**Extracted entries**
<<<<

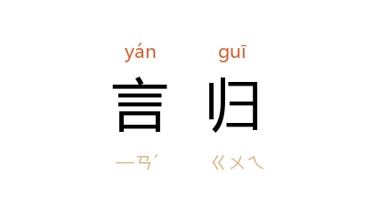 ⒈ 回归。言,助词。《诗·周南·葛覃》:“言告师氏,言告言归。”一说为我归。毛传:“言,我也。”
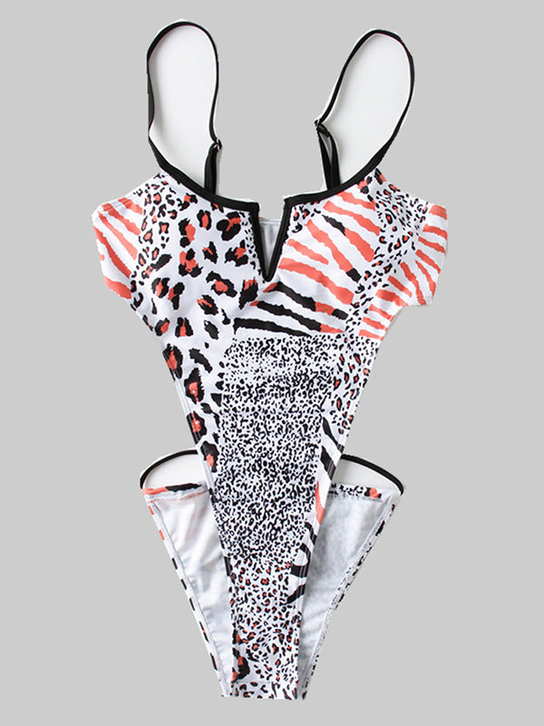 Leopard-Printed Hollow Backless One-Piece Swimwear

>>>>
<<<<

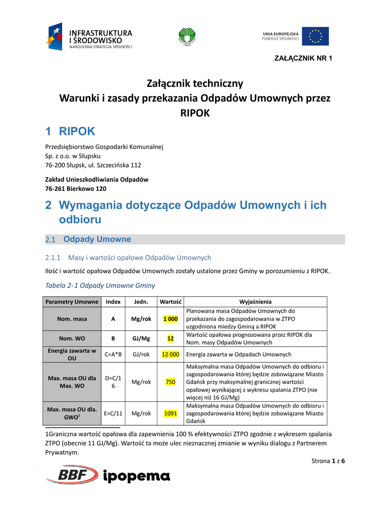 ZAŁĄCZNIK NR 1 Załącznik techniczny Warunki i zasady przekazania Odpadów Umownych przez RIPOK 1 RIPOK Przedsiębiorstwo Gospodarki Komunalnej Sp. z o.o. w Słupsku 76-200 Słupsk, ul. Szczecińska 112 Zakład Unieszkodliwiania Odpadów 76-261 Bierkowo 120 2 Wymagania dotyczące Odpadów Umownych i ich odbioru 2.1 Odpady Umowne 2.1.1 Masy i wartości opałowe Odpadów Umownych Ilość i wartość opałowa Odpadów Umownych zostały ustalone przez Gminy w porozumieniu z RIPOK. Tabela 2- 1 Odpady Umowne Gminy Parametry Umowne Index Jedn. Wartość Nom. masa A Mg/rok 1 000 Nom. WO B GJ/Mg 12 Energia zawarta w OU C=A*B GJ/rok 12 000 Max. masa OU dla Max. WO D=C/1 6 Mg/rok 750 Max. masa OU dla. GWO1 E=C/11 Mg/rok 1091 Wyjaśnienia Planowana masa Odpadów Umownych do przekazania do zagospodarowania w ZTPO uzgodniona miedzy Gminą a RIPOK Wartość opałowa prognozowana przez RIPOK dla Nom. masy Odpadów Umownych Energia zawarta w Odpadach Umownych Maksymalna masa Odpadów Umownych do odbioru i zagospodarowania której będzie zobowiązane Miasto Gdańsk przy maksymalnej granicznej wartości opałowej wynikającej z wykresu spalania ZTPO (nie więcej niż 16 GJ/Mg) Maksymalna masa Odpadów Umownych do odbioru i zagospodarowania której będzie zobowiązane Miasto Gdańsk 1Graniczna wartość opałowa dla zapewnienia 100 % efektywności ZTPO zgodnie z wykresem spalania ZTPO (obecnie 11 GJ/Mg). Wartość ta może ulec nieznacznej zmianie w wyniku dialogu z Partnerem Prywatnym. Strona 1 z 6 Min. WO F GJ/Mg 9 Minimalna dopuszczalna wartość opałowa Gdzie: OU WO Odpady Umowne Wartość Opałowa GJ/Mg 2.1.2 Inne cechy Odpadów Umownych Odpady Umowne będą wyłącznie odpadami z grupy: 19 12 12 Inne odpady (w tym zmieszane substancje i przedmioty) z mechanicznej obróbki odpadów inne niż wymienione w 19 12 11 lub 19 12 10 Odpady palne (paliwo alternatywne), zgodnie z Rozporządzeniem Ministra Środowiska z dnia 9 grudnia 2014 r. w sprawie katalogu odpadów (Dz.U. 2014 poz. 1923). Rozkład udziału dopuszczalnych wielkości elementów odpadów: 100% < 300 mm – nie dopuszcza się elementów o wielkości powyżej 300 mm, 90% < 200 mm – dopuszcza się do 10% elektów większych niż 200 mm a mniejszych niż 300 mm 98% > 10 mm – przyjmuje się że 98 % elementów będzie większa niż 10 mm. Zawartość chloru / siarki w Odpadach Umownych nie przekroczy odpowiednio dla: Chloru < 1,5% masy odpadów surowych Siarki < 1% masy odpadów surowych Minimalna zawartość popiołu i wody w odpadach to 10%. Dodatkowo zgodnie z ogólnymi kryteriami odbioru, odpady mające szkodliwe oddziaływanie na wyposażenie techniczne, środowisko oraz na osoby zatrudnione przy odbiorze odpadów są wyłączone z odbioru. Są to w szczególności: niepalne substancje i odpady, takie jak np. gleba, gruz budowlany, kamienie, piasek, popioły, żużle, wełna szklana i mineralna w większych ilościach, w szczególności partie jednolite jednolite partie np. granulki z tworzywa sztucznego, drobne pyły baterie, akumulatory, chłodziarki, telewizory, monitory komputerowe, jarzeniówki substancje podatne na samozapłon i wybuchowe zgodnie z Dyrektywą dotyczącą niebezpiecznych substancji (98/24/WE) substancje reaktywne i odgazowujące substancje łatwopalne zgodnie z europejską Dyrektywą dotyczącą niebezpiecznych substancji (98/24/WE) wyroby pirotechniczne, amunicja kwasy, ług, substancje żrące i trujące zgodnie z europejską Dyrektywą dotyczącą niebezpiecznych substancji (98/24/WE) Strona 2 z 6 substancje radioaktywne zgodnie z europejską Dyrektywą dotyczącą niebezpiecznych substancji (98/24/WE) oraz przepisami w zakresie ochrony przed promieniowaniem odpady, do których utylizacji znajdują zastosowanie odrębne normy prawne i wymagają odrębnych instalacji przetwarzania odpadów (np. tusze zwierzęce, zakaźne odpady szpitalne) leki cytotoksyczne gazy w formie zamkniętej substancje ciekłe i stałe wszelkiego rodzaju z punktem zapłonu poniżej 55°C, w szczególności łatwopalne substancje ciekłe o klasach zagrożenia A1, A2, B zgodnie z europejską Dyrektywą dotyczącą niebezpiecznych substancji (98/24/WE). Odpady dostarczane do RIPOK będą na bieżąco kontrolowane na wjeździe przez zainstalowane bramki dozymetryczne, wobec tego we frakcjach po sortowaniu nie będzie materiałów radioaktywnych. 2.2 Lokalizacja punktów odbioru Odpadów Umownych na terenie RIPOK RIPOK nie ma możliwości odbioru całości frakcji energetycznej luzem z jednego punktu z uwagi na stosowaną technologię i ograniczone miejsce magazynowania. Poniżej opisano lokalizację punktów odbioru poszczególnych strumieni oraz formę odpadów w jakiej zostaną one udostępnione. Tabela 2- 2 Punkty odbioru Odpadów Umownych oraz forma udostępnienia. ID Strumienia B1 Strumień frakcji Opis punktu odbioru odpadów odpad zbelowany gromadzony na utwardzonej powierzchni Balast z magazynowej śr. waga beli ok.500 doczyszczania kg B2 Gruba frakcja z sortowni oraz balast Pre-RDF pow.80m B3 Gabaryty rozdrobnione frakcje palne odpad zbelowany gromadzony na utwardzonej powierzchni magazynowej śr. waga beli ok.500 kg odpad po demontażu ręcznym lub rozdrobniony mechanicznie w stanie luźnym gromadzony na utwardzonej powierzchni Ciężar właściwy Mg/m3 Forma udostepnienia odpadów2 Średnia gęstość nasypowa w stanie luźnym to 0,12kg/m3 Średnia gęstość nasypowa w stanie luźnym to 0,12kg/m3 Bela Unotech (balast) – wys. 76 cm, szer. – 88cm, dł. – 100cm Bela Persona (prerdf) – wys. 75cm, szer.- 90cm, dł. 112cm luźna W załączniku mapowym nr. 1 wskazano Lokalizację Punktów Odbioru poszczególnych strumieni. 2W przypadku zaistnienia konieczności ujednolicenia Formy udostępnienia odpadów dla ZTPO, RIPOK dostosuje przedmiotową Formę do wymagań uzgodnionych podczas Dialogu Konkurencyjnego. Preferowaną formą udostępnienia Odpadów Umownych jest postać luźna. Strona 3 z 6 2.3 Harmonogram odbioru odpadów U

>>>>

**What the task asks**
All pictures are to be skipped. Output, word for word, the lines in the data above starting at the line containing "⒈ 回归。言,助词。《诗·周" and ending at the line containing "Leopard-Printed Hollow Backless".

**Answer section**
 ⒈ 回归。言,助词。《诗·周南·葛覃》:“言告师氏,言告言归。”一说为我归。毛传:“言,我也。”
 Leopard-Printed Hollow Backless One-Piece Swimwear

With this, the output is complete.